§ **WORK INSTRUCTION**: Everything below from the line with "a pink background." through the line with "纯羊绒围巾 HYX048WJ 中国红" must be retyped exactly, except the pictures.

§ **INFORMATION PROVIDED**:
____
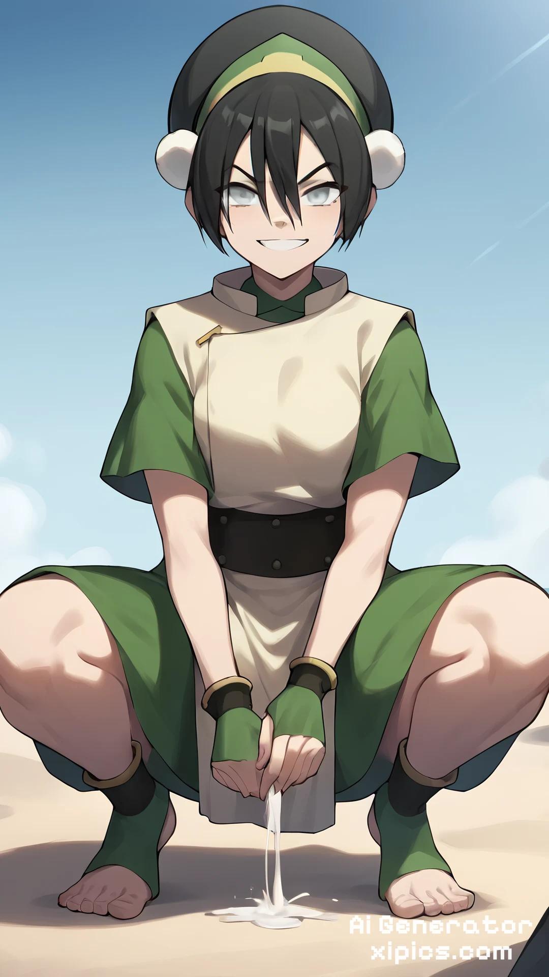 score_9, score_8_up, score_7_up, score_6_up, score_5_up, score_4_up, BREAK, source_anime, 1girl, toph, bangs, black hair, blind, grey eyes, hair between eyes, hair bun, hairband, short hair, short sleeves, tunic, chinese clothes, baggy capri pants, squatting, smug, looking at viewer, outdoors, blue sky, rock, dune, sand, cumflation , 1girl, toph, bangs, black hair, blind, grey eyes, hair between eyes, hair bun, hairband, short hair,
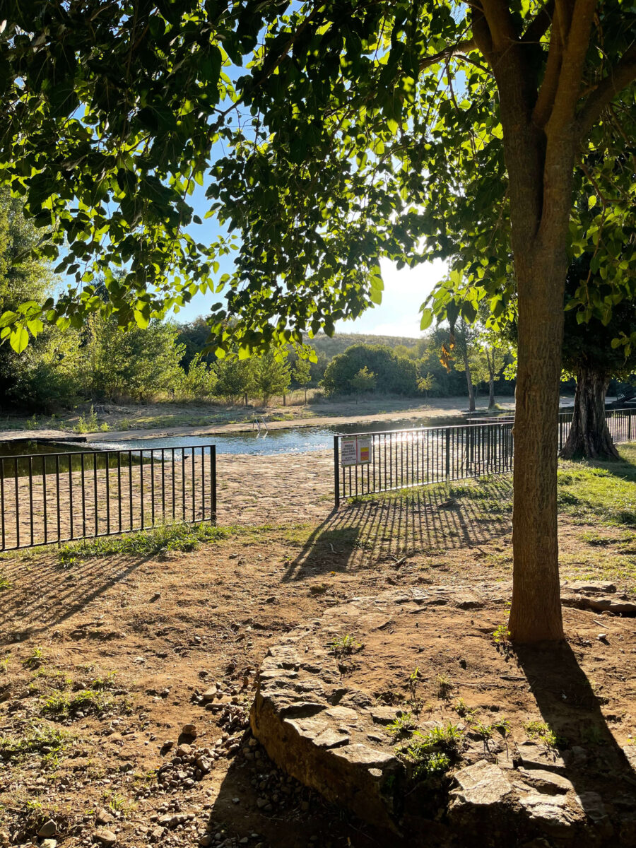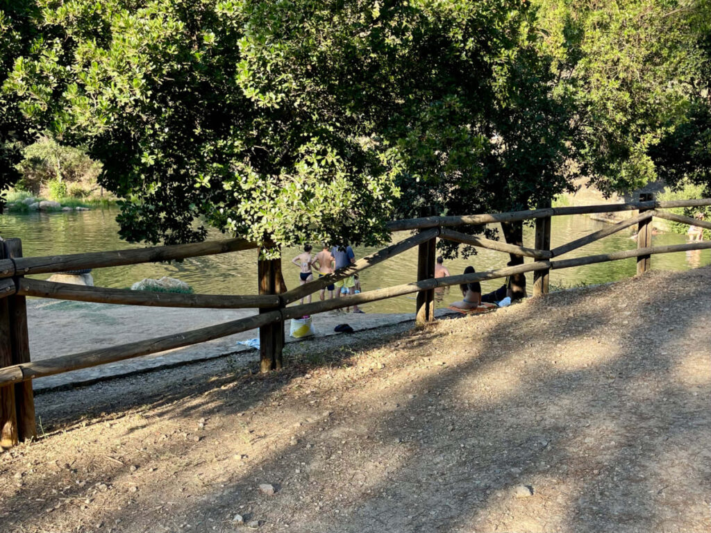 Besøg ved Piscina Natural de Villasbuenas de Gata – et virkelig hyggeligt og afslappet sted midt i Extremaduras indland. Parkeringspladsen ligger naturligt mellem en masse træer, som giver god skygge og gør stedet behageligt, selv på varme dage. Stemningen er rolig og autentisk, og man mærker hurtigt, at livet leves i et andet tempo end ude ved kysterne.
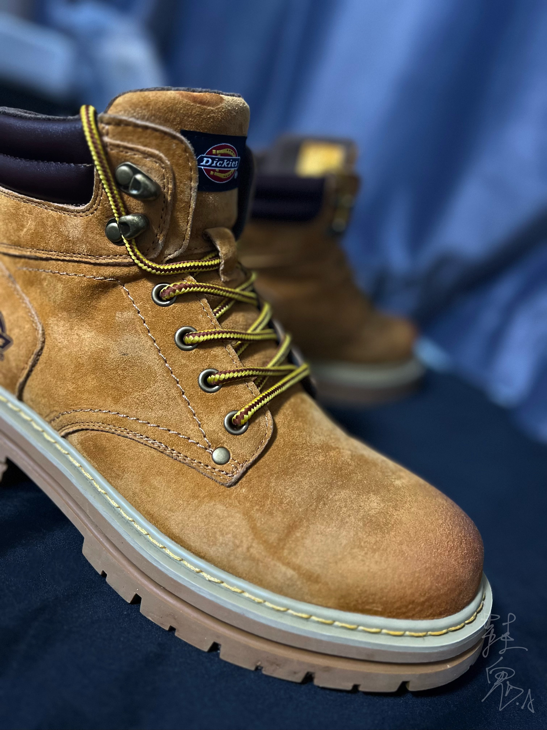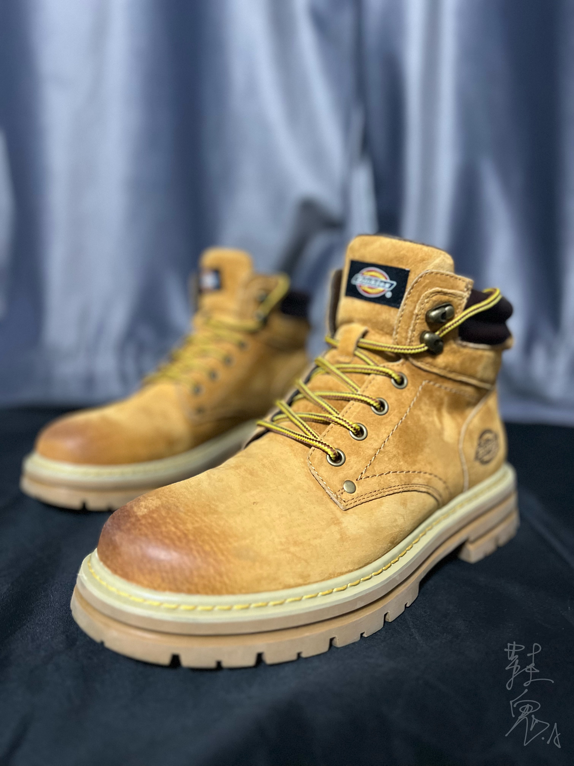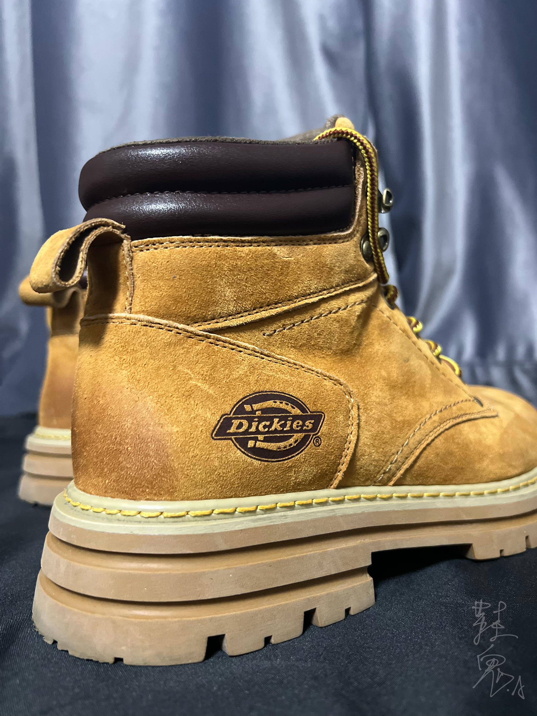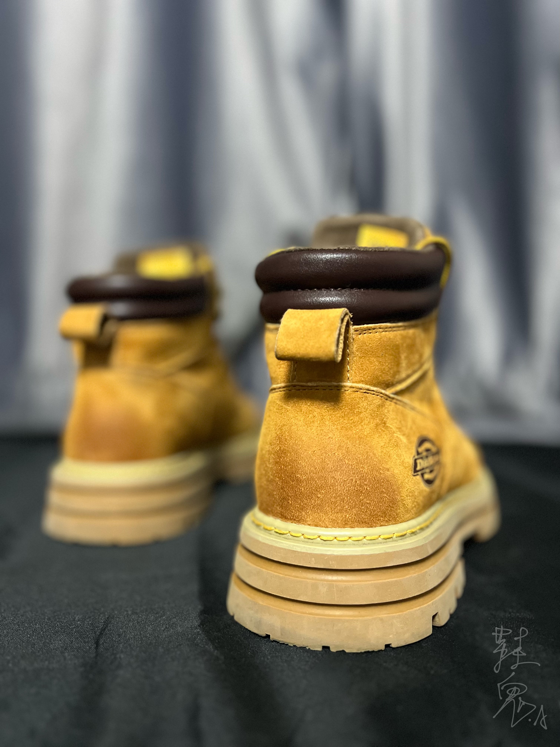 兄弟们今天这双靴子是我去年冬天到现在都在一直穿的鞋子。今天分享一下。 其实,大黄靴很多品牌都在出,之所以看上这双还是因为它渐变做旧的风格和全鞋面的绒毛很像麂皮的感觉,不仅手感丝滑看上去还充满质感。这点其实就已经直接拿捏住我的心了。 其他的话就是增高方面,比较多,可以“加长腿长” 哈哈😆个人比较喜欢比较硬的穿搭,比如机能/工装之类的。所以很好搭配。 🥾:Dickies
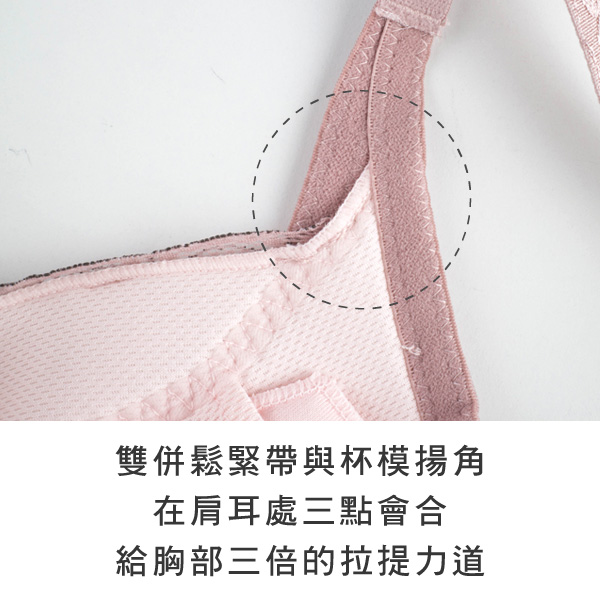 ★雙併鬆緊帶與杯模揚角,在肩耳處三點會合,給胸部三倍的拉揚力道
____
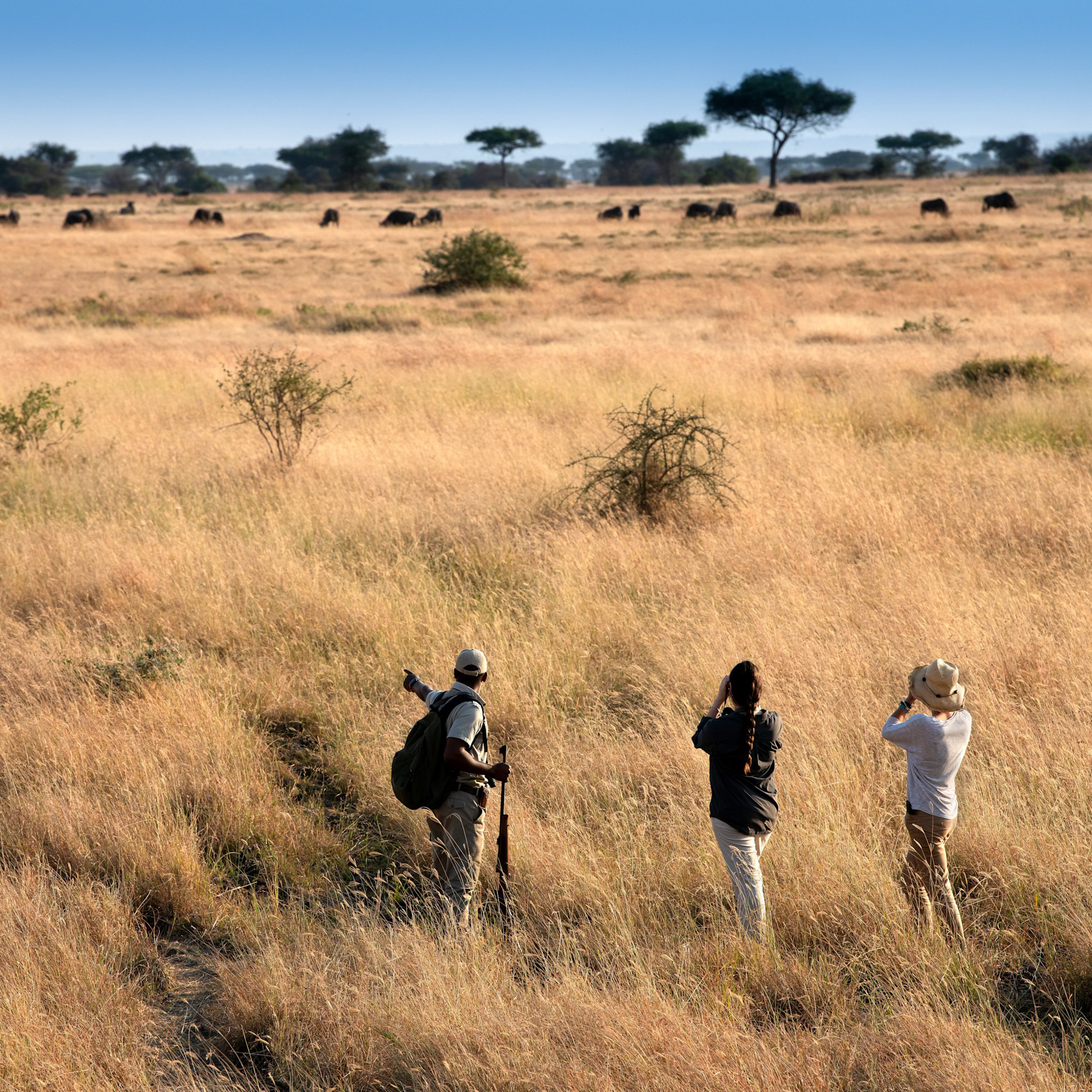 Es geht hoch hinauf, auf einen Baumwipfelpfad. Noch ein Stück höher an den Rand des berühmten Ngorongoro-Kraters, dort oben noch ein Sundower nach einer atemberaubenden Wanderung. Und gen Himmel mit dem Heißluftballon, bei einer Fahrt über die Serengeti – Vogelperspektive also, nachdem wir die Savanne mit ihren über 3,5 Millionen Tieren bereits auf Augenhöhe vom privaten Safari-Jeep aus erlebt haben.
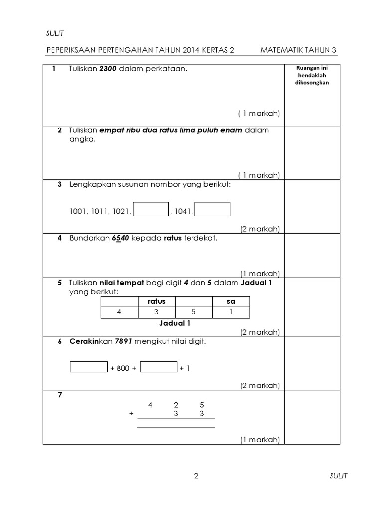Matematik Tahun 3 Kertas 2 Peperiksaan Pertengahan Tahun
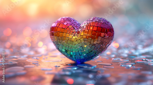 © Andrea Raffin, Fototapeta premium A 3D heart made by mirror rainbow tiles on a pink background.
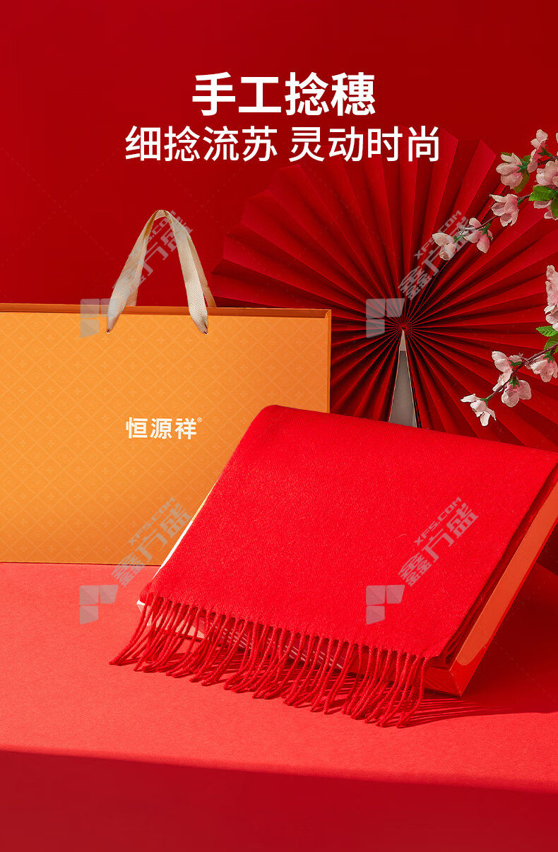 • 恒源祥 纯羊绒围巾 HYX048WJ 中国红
____
§ **THE COMPLETED TASK**:
 © Andrea Raffin, Fototapeta premium A 3D heart made by mirror rainbow tiles on a pink background.
 • 恒源祥 纯羊绒围巾 HYX048WJ 中国红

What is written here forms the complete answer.